From what I know the LM baskets are the non certified ones, but not sure how far out they can be in reality

Just out of interest I've noticed CoffeeHit advertise 2 lots of LM baskets......anyone know the difference between the 2, as ones nearly £15.60. Any suggestions?

http://www.coffeehit.co.uk/la-marzocco-basket-17g

http://www.coffeehit.co.uk/la-marzocco-strada-basket-17g


----------



## HDAV (Dec 28, 2012)

The £15.60 ones are "Each basket is photographed for complete accuracy and comes with a certification of its pass. Will fit a 58mm tamper."

The £7.98 ones are "hey are the same as the Strada baskets but aren't individually scanned and certificated.This basket is for dose sizes of 17-19g."

I guess 3 levels of quality the VST then the LM certified then the LM


----------



## coffeechap (Apr 5, 2012)

HDAV said:


> The £15.60 ones are "Each basket is photographed for complete accuracy and comes with a certification of its pass. Will fit a 58mm tamper."
> 
> The £7.98 ones are "hey are the same as the Strada baskets but aren't individually scanned and certificated.This basket is for dose sizes of 17-19g."
> 
> I guess 3 levels of quality the VST then the LM certified then the LM


Pretty much, the VST are not the same as the others but they are close, that's why I asked about genuine VST baskets


----------



## rodabod (Dec 4, 2011)

I've recently started using the LM basket instead of a bog standard one. Requires a finer grind, but channels more easily, and I haven't noticed a massive difference in the drink yet. Will need to conduct a proper A/B.


----------



## garydyke1 (Mar 9, 2011)

rodabod said:


> I've recently started using the LM basket instead of a bog standard one. Requires a finer grind, but channels more easily, and I haven't noticed a massive difference in the drink yet. Will need to conduct a proper A/B.


Highlights defects in distribution for sure


----------



## mhofmeyr (May 23, 2013)

Hasbean VST is 23.50


----------



## shrink (Nov 12, 2012)

Now I want a vst. Because you can't get ridgeless LM baskets.

Used a ridgeless vst today and loved it. Tight enough to allow the puck to be knocked out, but easy to remove for weighing shots.

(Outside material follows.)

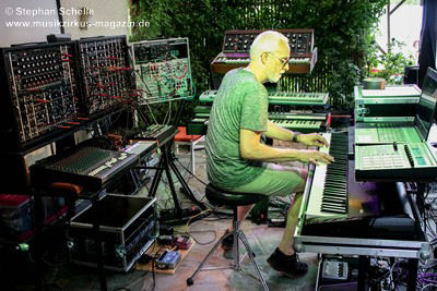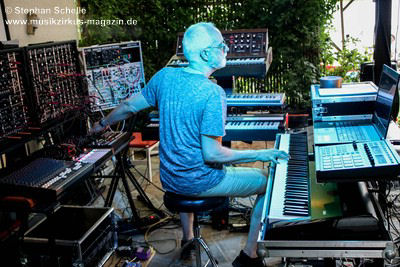 Thomas Jung hatte eine ganze Reihe an digitalem wie analogem Equipment mit in den Garten gebracht. Allein sein Instrumentarium sorgte schon mal für Aufsehen. Thomas spielte ein Set aus sieben Stücken, die er nahtlos aneinandergereiht hatte. Die Stücke waren so gut zusammengefügt und durch Bridges verbunden, dass sie einen homogenen Longtrack ergaben.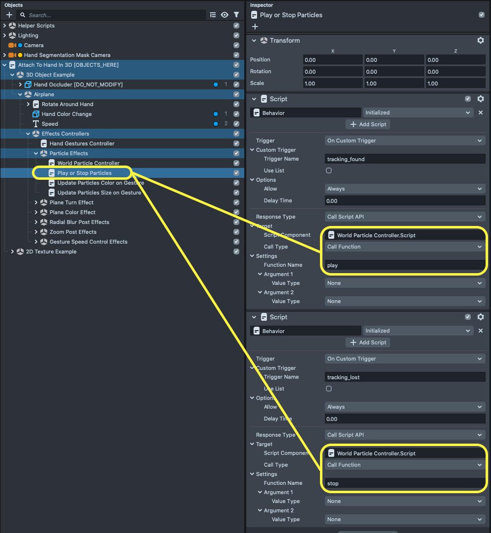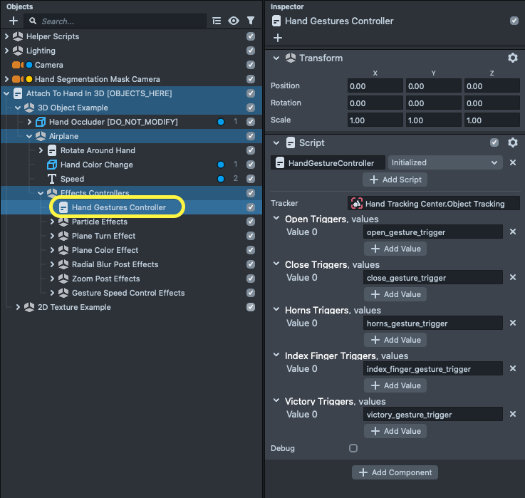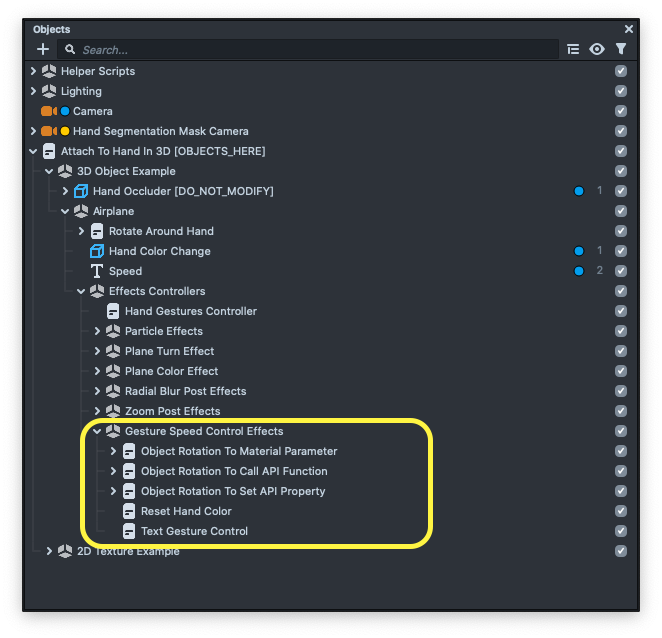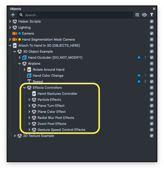 You can find these effects in the Object panel, under the Attach To Hand In 3D [OBJECTS_HERE] -> 3D Object Example -> Airplane -> Effects Controllers.

So may end up having to fork out for one


----------



## glevum (Apr 4, 2013)

worth every penny!


----------



## coffeechap (Apr 5, 2012)

The reason I asked the question is that jens at torr tampers has sold me ten of them at £16 each!


----------



## HDAV (Dec 28, 2012)

Well how much you gonna sell them on for? Will any be available at the grindoff?


----------



## The Systemic Kid (Nov 23, 2012)

That's a really good discount.


----------



## coffeechap (Apr 5, 2012)

They will be available at the grind off for the same price!


----------



## coffeechap (Apr 5, 2012)

And I can get more if needed courtesy of jens, not interested in making any money out of this, it was just another little group buy opportunity.


----------



## The Systemic Kid (Nov 23, 2012)

Nice one Dave - you are certainly doing loads for the forum.


----------



## coffeechap (Apr 5, 2012)

Thanks Patrick was just a shame your beautiful tamp did not come with the other torrs.....


----------



## shrink (Nov 12, 2012)

Well of you can get an 18g ridgeless.. I'd buy one and put a couple of quid on for your trouble


----------



## coffeechap (Apr 5, 2012)

No need shrink dont wang to make any money out of these, an 18 grams is yours just want postage that's all if you can wait till the grindoff I will get it up to you


----------



## shrink (Nov 12, 2012)

Course... Is it definitely a ridgeless one







??

Well in your honour I will donate a couple of quid back into the forum.


----------



## coffeechap (Apr 5, 2012)

Pretty sure it is but will be talking to Jens on Monday about the whole order so will make double sure then


----------



## robti (Mar 27, 2013)

Hi Dave

Any chance of another one going up here to myself, willing to wait till after the grindoff and either post it up or put it in with the coffee my brother gets in The darker side of life group test

Robert


----------



## shrink (Nov 12, 2012)

Then yeah, based on a ridgeless design I'm in mate. Happy to pay postage.


----------



## coffeechap (Apr 5, 2012)

No probs will probably have to start yet another list on here seems all I do is lists


----------



## The Systemic Kid (Nov 23, 2012)

coffeechap said:


> Thanks Patrick was just a shame your beautiful tamp did not come with the other torrs.....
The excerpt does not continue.